Programming Note: We take a break from the drama of the last 24 hours for some lighter fare on the eve of the first Islanders-Rangers game of the season…CB
8:15 pm - The Islanders were playing WFAN in a charity softball game as Steve Somers stepped into the batter’s box. This was about a decade ago and Somers had already been plying his shtick about the NYI for years – heady, Shakespearean stuff like “Icelanders,” “Lorne Herring” and about how Long Islanders drove their tractors to the Coliseum. It was funny for some the first four or five times, but like Somers the routine got old, stale and offensive.
The Islanders player pitching the game just happened to come up with elbow tendinitis before the Schmoozer’s at-bat. Our relief pitcher just happened to be Mike Milbury. With his first pitch, Milbury just happened to bean Somers in the ass. Hilarity ensued. Payback was a pitch.
I’m told by friends at WFAN that Steve is a really sweet man who wouldn’t hurt a fly but keeps up the Islanders gag because he knows it still gets on the nerves of 8 or 9 people. And let’s face it, after more than 20 years at FAN it’s about the only signature bit he’s got. Give the 61-year old Somers credit for survival instincts: other than drive-time, he’s worked every shift. (Remember the Sweater? I try not to).
If you really listen to his opening monologues, you can tell he’s a gifted writer. Too bad he’s so out-of-touch with reality that he’s unable to balance some Islanders satire without being a complete doofus about it.
After numerous attempts to make it work, it became impossible for me to book an Islanders guest on his show. Steve’s producers would request a player interview. I’d say, “How do you think you’d look if you asked Scatchard to call in and then have to listen to his Icelanders crap”? The producer always replied, “Totally hear ya. Maybe some other time.”
In one of his more famous episodes, Somers came on the air one day and announced the Islanders were going to have a press conference and WFAN would air it live. The switchboard at the Islanders office practically blew up from all of the calls from people wanting to know what we were announcing.
Of course, the preposterous notion of WFAN playing an Islanders press conference live should have been the ultimate tip this was a Somers sham. Later on, he started playing farm noises, saying it was live audio from the Coliseum. Must have been a slow day in New York sports.
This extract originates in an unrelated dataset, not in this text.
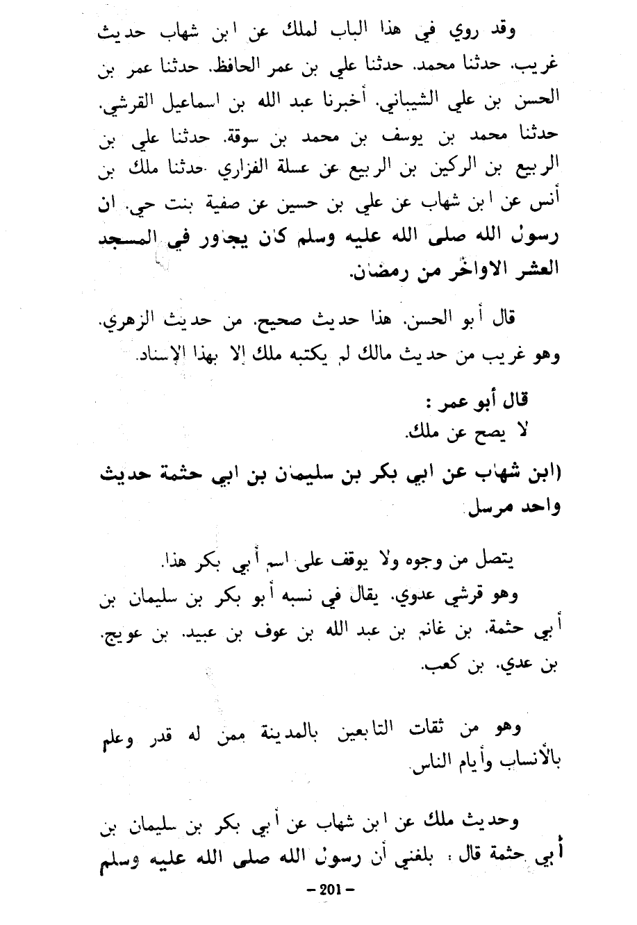 وقد روي في هذا الباب لمالك عَنِ ابْنِ شِهَابٍ حَدِيثٌ غَرِيبٌ حَدَّثَنَا مُحَمَّدٌ حَدَّثَنَا عَلِيُّ بْنُ عُمَرَ الْحَافِظُ حَدَّثَنَا عُمَرُ بْنُ الْحَسَنِ بْنِ عَلِيٍّ الشَّيْبَانِيُّ أَخْبَرَنَا عَبْدُ اللَّهِ بْنُ إِسْمَاعِيلَ الْقُرَشِيُّ حَدَّثَنَا مُحَمَّدُ بْنُ يُوسُفَ بْنِ مُحَمَّدِ بْنِ سُوقَةَ حَدَّثَنَا عَلِيُّ بْنُ الرَّبِيعِ بْنِ الرَّكِينِ بْنِ الرَّبِيعِ عَنْ عَسَلَةَ الْفَزَارِيِّ حَدَّثَنَا مَالِكُ بْنُ أَنَسٍ عَنِ ابْنِ شِهَابٍ عن علي بن حسين عن صفية بنت حي أن رسول الله صلى الله عليه وسلم كَانَ يُجَاوِرُ فِي الْمَسْجِدِ الْعَشْرَ الْأَوَاخِرَ مِنْ رَمَضَانَ قَالَ أَبُو الْحَسَنِ هَذَا حَدِيثٌ صَحِيحٌ مِنْ حَدِيثِ الزُّهْرِيِّ وَهُوَ غَرِيبٌ مِنْ حَدِيثِ مَالِكٍ لَمْ يَكْتُبْهُ مَالِكٌ إِلَّا بِهَذَا الْإِسْنَادِ قَالَ أَبُو عُمَرَ لَا يَصِحُّ عَنْ مَالِكٍ (ابْنُ شِهَابٍ عَنْ أَبِي بَكْرِ بْنِ سُلَيْمَانَ بْنِ أَبِي حَثْمَةَ حَدِيثٌ وَاحِدٌ مُرْسَلٌ) يَتَّصِلُ مِنْ وُجُوهٍ وَلَا يُوقَفُ عَلَى اسْمِ أَبِي بَكْرٍ هَذَا وَهُوَ قُرَشِيٌّ عَدَوِيٌّ يُقَالُ فِي نَسَبِهِ أَبُو بَكْرِ بْنُ سُلَيْمَانَ بْنِ أَبِي حَثْمَةَ بْنِ غَانِمِ بْنِ عَبْدِ اللَّهِ بْنِ عَوْفِ بْنِ عُبَيْدِ بْنِ عُوَيْجِ بْنِ عَدِيِّ بْنِ كَعْبٍ وَهُوَ مِنْ ثِقَاتِ التَّابِعِينَ بِالْمَدِينَةِ مِمَّنْ لَهُ قَدْرٌ وَعِلْمٌ بِالْأَنْسَابِ وَأَيَّامِ النَّاسِ وَحَدِيثُ مَالِكٍ عَنِ ابْنُ شِهَابٍ عَنْ أَبِي بَكْرِ بْنِ سُلَيْمَانَ بْنِ أَبِي حَثْمَةَ قَالَ بَلَغَنِي أَنَّ رَسُولَ اللَّهِ صَلَّى اللَّهُ عَلَيْهِ وسلم

I called the studio and nicely asked Steve to stop and say it was all a joke. I told him about the jammed switchboard. Steve said I was the one who had to be kidding now. He couldn’t comprehend that people would take him so seriously. He clearly had no clue of the power of a 50,000-watt radio station in the nation’s biggest market.
He eventually stopped the bit, but the “Icelanders” silliness never stopped. A few years ago, Somers mentioned on-air that his Saturday afternoon producer was looking for a pair of great seats to a Sound Tigers playoff game to take his girlfriend. A friend told me about it, so I called the studio and they put me on the air. We had a fun and friendly exchange and I made an offer: if Somers would thank the Islanders profusely and not say Icelanders for the final two hours of the show, I would arrange for the tix. Steve kept his word. I should have made the deal for two years.
I’ve heard from so many Islander fans over the years who’ve let Somers get under their skin. I always thought they viewed it the wrong way. I mean, he’s so off his rocker, so from another planet. For a sports talk host pretending to be a Rangers fan, he’s not even very informed about his team or the game. For Somers, a hip pop culture reference is quoting a line from the Rodgers and Hammerstein musical “Oklahoma.”
Think about it: would Islander fans really want Steve Somers to be an Islander fan?